REQUIREMENT: Go through the entries below. Copy out every line that contains "Natural".

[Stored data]
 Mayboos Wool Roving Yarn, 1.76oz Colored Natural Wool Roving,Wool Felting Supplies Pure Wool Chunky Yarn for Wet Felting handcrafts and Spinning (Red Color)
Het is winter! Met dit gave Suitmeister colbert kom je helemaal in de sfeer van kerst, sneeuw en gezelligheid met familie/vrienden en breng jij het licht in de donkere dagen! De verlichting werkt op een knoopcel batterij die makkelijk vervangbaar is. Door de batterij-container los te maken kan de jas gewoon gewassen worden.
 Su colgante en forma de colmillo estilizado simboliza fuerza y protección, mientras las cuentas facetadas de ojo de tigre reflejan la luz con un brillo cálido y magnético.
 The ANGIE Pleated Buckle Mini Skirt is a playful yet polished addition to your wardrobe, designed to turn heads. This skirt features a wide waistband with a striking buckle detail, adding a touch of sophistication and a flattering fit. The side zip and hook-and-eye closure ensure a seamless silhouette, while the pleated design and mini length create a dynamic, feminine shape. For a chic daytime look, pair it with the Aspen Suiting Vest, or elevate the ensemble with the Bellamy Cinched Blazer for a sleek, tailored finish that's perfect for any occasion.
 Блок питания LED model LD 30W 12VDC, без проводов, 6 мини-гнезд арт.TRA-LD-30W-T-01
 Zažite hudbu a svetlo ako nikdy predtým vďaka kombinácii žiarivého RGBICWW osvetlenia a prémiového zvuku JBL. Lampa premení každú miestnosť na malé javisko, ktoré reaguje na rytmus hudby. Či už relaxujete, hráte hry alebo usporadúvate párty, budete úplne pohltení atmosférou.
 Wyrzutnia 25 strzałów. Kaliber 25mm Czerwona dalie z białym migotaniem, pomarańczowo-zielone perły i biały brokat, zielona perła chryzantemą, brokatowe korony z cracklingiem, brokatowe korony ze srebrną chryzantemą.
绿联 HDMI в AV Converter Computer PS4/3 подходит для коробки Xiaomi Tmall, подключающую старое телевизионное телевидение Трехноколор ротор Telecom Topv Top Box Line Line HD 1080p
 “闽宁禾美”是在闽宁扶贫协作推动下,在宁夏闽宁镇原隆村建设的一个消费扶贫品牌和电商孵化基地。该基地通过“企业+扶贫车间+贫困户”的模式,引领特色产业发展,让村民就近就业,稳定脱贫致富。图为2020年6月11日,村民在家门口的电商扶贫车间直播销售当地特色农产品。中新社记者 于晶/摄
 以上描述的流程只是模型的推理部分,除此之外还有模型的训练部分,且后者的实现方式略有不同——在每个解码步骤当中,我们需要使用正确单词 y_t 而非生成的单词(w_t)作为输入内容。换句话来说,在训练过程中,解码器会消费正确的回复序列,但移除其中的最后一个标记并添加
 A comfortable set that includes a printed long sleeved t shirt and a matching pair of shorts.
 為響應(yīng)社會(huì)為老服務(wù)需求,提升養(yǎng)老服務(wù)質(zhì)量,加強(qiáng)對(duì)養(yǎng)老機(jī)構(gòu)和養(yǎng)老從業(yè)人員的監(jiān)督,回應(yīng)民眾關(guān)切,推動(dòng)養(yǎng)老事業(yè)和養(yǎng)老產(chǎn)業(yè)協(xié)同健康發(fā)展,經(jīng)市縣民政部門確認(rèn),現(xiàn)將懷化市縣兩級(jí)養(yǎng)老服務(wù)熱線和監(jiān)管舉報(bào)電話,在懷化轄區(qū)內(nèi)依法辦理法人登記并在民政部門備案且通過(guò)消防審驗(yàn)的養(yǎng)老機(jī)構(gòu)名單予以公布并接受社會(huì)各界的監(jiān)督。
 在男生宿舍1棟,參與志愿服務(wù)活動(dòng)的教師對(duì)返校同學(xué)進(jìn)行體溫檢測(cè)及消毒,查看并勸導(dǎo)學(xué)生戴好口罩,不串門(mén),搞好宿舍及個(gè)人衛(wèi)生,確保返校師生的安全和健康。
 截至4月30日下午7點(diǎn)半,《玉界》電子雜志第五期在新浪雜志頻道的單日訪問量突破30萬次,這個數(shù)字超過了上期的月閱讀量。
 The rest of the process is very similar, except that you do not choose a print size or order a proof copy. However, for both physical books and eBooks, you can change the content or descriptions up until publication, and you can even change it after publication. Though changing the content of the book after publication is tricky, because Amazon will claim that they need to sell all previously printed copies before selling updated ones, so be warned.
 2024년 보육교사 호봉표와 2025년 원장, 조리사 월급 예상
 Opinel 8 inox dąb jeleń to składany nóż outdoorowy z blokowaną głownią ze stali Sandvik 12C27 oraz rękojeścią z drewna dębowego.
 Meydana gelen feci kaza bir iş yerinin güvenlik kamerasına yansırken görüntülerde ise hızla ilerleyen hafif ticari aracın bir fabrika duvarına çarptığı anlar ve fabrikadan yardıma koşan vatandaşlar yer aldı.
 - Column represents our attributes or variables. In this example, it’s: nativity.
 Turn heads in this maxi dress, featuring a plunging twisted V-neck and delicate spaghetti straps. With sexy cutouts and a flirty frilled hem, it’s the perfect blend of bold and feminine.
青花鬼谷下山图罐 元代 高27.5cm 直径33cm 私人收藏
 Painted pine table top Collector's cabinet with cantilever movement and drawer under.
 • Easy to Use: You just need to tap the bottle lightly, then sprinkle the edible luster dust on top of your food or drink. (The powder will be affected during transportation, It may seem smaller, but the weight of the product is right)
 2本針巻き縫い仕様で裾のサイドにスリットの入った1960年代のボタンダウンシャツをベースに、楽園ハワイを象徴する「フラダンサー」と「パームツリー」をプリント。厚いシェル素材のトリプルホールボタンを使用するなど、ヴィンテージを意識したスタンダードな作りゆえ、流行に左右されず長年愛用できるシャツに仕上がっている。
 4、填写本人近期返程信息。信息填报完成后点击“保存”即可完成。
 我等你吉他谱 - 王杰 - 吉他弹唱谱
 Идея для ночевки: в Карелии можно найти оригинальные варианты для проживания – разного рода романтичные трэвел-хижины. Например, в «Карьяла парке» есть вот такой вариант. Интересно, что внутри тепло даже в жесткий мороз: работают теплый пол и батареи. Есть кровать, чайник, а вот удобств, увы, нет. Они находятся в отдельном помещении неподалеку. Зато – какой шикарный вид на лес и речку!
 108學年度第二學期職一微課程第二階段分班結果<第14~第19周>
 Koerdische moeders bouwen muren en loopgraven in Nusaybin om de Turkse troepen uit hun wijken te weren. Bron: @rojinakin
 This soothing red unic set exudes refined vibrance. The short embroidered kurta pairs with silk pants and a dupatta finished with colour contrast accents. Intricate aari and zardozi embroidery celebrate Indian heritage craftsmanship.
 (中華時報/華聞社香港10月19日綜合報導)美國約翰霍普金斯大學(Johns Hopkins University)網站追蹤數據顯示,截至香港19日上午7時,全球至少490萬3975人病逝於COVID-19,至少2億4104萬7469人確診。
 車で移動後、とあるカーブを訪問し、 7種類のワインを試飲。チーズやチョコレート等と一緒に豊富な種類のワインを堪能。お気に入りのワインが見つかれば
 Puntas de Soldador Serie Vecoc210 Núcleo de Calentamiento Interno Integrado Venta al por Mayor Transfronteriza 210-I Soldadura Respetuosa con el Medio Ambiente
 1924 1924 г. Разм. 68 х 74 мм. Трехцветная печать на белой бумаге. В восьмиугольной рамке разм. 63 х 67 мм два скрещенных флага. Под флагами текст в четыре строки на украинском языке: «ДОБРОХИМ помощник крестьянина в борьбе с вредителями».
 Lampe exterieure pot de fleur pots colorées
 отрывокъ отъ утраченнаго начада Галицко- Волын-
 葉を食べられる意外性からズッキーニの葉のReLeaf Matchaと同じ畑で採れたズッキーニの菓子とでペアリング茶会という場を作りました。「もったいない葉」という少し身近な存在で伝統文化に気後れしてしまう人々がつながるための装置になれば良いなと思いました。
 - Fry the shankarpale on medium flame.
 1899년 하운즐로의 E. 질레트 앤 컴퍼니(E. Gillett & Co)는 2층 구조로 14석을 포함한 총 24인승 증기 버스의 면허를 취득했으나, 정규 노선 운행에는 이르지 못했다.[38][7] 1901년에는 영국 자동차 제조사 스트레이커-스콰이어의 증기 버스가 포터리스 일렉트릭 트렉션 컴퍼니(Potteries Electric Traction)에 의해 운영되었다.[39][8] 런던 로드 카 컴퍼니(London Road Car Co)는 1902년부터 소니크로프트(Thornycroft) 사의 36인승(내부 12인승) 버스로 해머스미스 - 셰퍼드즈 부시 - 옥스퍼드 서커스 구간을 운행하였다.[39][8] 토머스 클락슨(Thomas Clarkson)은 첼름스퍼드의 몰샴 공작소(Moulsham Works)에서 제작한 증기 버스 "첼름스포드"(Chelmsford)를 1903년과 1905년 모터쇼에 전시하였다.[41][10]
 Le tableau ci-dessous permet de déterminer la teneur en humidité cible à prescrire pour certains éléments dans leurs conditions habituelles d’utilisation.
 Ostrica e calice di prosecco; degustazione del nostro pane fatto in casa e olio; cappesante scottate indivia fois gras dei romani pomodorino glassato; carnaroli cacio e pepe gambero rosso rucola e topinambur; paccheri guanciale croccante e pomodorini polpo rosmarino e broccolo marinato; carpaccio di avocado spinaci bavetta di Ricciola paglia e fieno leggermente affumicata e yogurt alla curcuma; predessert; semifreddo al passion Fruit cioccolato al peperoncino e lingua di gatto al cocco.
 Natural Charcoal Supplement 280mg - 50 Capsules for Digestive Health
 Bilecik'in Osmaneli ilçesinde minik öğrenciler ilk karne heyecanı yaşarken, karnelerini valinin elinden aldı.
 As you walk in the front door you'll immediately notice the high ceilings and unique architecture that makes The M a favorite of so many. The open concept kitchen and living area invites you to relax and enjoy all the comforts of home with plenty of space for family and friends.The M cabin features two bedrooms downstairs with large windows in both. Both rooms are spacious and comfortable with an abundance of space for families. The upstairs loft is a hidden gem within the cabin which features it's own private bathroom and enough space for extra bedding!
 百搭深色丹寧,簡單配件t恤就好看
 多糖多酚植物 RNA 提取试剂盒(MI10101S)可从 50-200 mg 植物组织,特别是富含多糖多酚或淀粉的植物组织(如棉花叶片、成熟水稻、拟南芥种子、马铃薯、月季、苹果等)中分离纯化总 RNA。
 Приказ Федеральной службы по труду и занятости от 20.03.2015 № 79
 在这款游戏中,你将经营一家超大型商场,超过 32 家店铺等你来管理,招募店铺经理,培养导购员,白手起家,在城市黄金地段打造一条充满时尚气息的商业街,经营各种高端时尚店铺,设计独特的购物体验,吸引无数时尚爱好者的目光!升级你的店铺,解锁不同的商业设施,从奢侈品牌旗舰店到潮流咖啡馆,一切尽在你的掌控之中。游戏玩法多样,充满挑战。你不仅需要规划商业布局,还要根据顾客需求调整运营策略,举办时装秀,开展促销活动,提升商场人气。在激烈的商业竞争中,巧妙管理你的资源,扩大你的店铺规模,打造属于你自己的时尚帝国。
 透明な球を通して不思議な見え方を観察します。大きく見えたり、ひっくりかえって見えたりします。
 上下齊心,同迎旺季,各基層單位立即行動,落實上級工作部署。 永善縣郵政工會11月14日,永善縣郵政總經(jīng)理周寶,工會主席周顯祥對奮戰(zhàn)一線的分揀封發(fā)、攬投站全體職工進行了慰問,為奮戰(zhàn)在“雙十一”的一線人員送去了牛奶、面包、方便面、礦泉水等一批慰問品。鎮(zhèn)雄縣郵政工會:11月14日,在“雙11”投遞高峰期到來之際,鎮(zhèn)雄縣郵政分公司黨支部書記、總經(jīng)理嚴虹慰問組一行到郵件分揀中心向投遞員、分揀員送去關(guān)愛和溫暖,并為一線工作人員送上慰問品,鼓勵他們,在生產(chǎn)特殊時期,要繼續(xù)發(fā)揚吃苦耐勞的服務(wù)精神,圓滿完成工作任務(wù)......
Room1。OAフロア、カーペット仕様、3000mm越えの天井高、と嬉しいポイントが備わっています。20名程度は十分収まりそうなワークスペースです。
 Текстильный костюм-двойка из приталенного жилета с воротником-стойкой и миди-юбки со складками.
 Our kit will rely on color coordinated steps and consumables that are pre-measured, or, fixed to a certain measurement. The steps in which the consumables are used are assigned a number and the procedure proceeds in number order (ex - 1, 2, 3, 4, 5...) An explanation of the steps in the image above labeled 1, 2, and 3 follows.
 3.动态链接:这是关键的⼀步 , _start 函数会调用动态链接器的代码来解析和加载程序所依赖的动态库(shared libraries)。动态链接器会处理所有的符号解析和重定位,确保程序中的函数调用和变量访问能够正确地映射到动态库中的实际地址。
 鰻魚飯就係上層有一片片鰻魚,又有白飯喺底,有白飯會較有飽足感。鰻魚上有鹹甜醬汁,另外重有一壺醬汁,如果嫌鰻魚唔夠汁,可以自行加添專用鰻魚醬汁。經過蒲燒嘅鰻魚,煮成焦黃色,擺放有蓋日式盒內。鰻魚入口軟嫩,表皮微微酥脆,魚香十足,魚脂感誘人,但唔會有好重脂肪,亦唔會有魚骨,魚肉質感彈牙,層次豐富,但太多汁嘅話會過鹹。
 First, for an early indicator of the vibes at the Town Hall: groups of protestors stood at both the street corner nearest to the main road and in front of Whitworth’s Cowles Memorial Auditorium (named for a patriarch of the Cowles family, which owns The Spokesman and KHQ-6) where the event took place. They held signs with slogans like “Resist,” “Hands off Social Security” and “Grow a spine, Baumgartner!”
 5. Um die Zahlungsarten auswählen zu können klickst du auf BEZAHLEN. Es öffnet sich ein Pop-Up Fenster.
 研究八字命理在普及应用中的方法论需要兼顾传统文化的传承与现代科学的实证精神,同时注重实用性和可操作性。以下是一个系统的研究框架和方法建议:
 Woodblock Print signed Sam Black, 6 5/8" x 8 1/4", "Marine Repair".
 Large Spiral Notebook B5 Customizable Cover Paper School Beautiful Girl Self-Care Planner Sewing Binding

EXERCISE RESPONSE:
 Mayboos Wool Roving Yarn, 1.76oz Colored Natural Wool Roving,Wool Felting Supplies Pure Wool Chunky Yarn for Wet Felting handcrafts and Spinning (Red Color)
 Natural Charcoal Supplement 280mg - 50 Capsules for Digestive Health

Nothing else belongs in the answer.